*Data shown*:

--- START ---

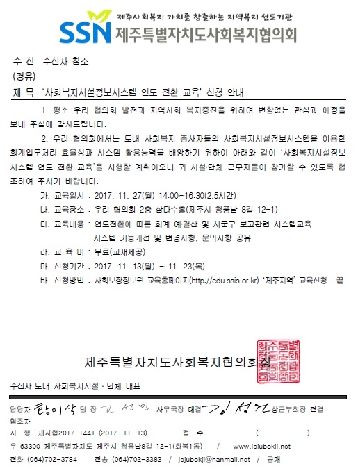 '2017년도 사회복지시설정보시스템 연도 전환 교육' 신청 안내
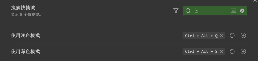 在最近一次的更新过后,我发现无法使用快捷键在浅色与深色之间切换,去检索快捷键发现已经没有这两个快捷键的选项了,以下是我回退到上一个版本之后的截图:
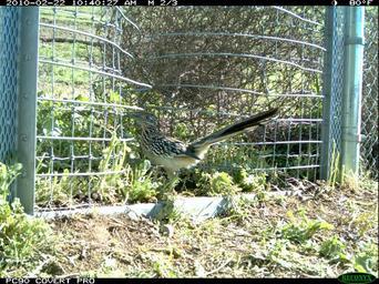 | Keywords: birds stateroute23 remote camera remotecamera animals animalsandinsects wildlife southroute23 outdoor photo border Greater roadrunner at the eastern one-way gate near the 23 Freeway. Greater roadrunner at the eastern one-way gate near the 23 Freeway. |

--- END ---

*Your objective*: Copy back, word for word, every line between the top of the material above and the line that contains "在最近一次的更新过后,我发现", both included, without any pictures.

*Solution for this problem*:
 '2017년도 사회복지시설정보시스템 연도 전환 교육' 신청 안내
 在最近一次的更新过后,我发现无法使用快捷键在浅色与深色之间切换,去检索快捷键发现已经没有这两个快捷键的选项了,以下是我回退到上一个版本之后的截图:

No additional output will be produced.